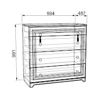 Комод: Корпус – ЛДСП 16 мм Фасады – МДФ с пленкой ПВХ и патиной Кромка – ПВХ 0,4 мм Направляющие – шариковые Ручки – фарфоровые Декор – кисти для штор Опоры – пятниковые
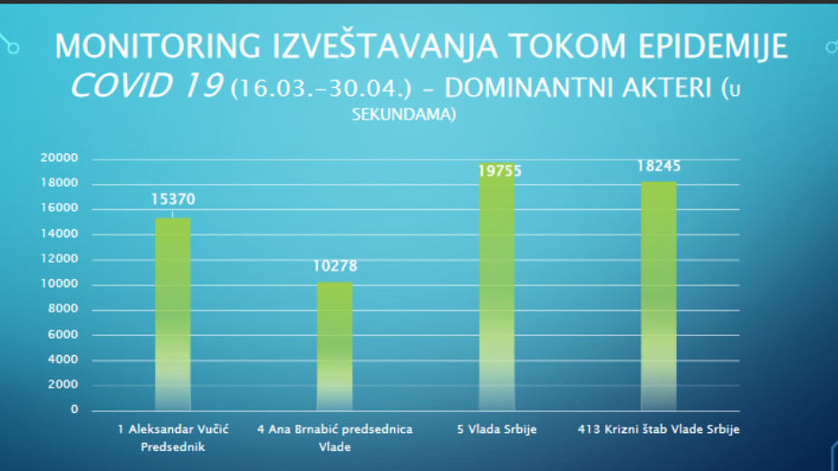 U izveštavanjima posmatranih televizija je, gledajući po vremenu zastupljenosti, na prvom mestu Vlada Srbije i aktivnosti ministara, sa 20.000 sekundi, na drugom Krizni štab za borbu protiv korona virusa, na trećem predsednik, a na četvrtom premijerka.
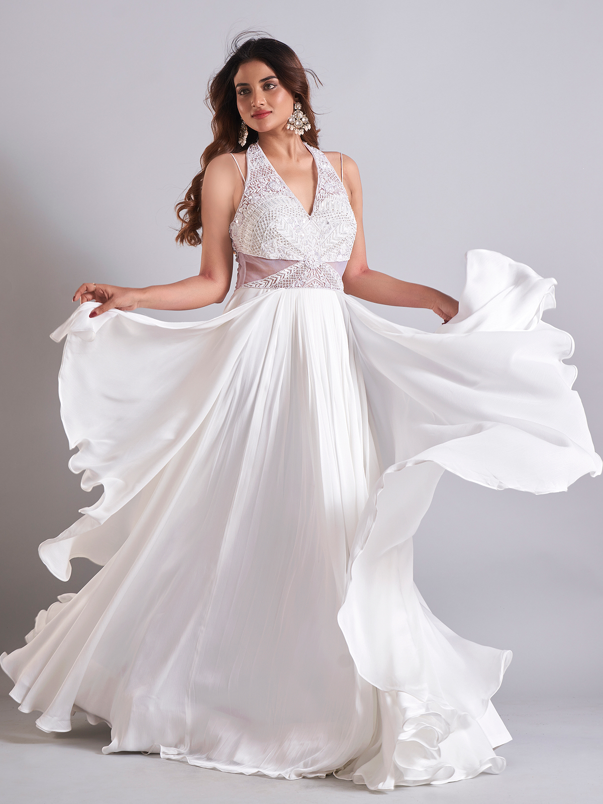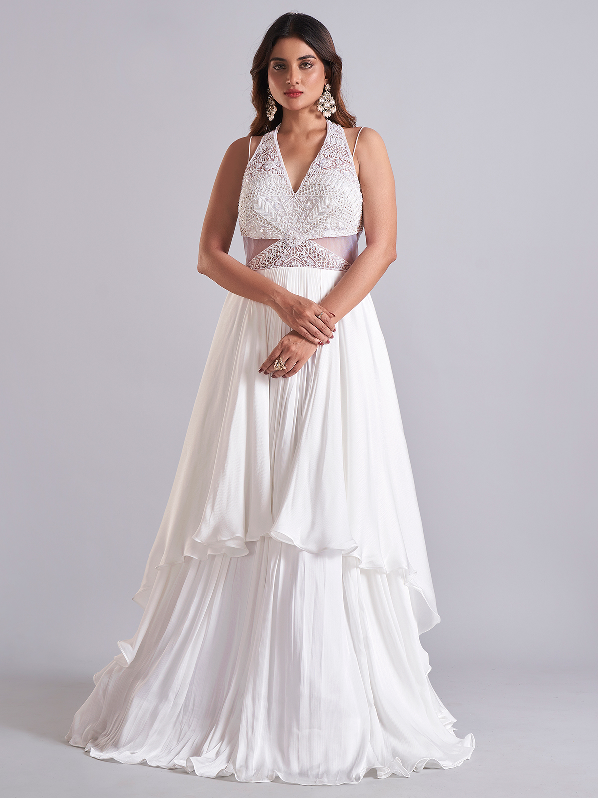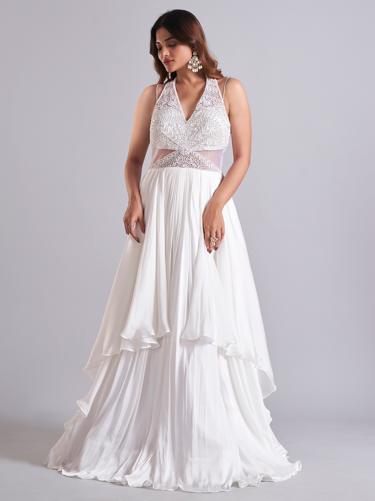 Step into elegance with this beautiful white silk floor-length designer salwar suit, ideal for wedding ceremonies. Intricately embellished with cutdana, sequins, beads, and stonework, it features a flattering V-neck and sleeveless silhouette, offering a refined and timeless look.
····················
Please print, exactly as given, the lines running from the beginning of the listing through the line containing "U izveštavanjima posmatranih", omitting each picture.

 Комод: Корпус – ЛДСП 16 мм Фасады – МДФ с пленкой ПВХ и патиной Кромка – ПВХ 0,4 мм Направляющие – шариковые Ручки – фарфоровые Декор – кисти для штор Опоры – пятниковые
 U izveštavanjima posmatranih televizija je, gledajući po vremenu zastupljenosti, na prvom mestu Vlada Srbije i aktivnosti ministara, sa 20.000 sekundi, na drugom Krizni štab za borbu protiv korona virusa, na trećem predsednik, a na četvrtom premijerka.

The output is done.